**Data provided**
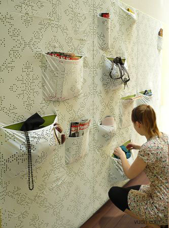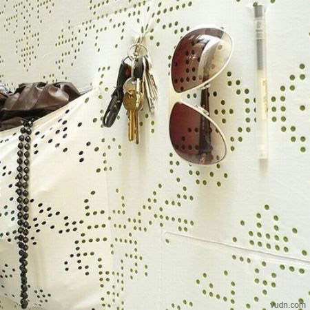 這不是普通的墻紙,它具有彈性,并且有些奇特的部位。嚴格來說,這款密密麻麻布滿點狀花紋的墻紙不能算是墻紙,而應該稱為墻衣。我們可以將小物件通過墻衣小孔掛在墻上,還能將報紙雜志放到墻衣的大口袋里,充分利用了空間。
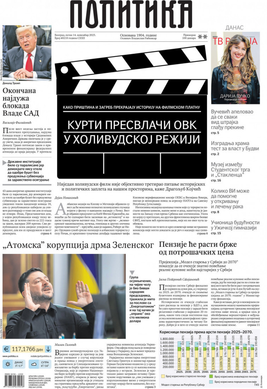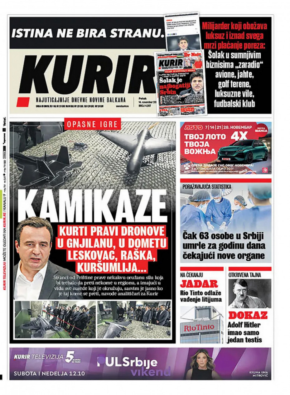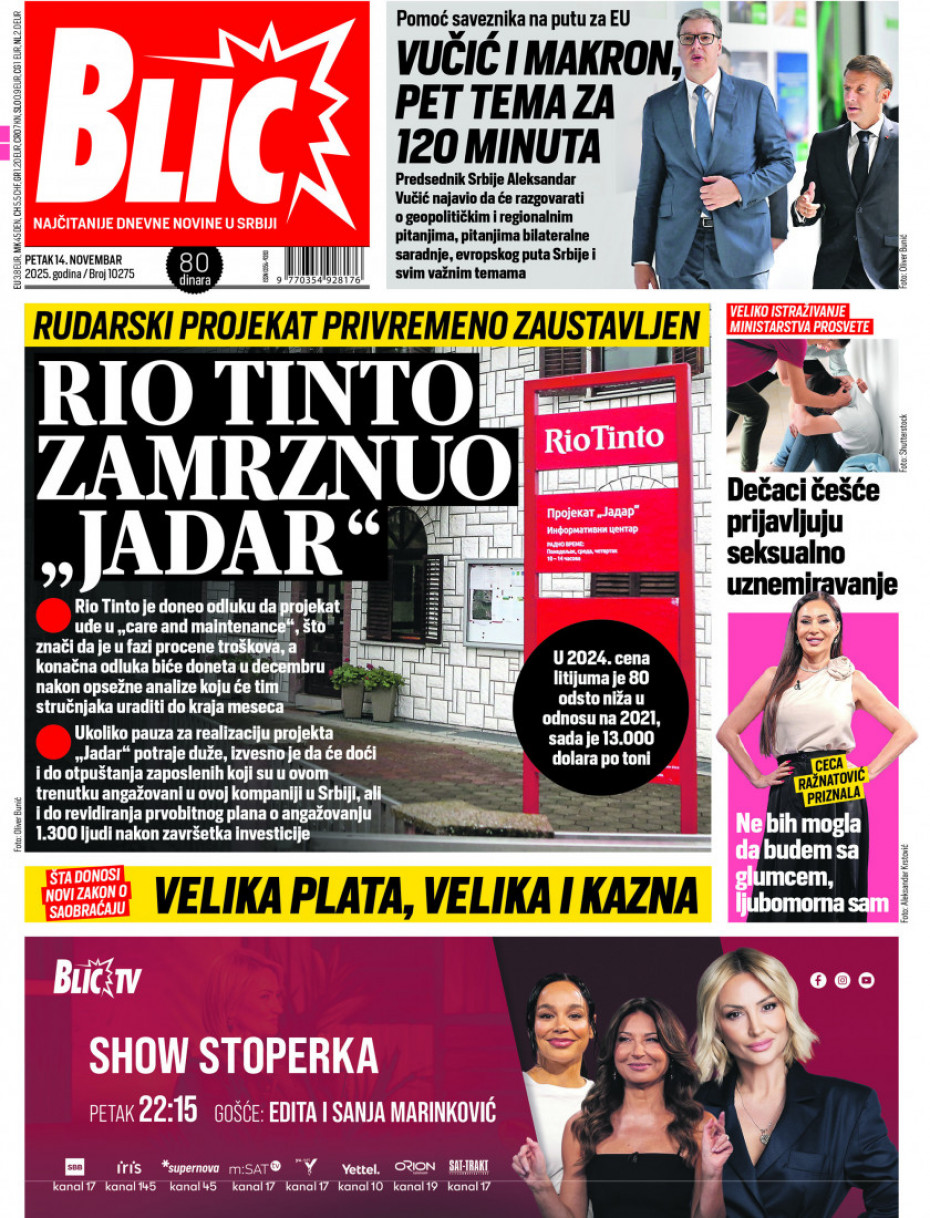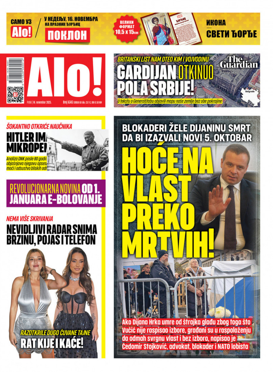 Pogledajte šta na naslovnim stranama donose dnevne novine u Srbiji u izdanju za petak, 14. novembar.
...
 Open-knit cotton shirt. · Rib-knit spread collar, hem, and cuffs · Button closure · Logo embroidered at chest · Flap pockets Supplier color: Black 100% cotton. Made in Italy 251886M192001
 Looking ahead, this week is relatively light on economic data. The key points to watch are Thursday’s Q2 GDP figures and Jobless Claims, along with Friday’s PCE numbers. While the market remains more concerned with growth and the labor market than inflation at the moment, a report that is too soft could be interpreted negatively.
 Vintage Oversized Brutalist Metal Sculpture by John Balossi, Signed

**Problem description**
Of the lines above, extract only those from the line with "Open-knit cotton shirt." to the line with "Vintage Oversized Brutalist", both included, exactly as written.

**Final answer**
 Open-knit cotton shirt. · Rib-knit spread collar, hem, and cuffs · Button closure · Logo embroidered at chest · Flap pockets Supplier color: Black 100% cotton. Made in Italy 251886M192001
 Looking ahead, this week is relatively light on economic data. The key points to watch are Thursday’s Q2 GDP figures and Jobless Claims, along with Friday’s PCE numbers. While the market remains more concerned with growth and the labor market than inflation at the moment, a report that is too soft could be interpreted negatively.
 Vintage Oversized Brutalist Metal Sculpture by John Balossi, Signed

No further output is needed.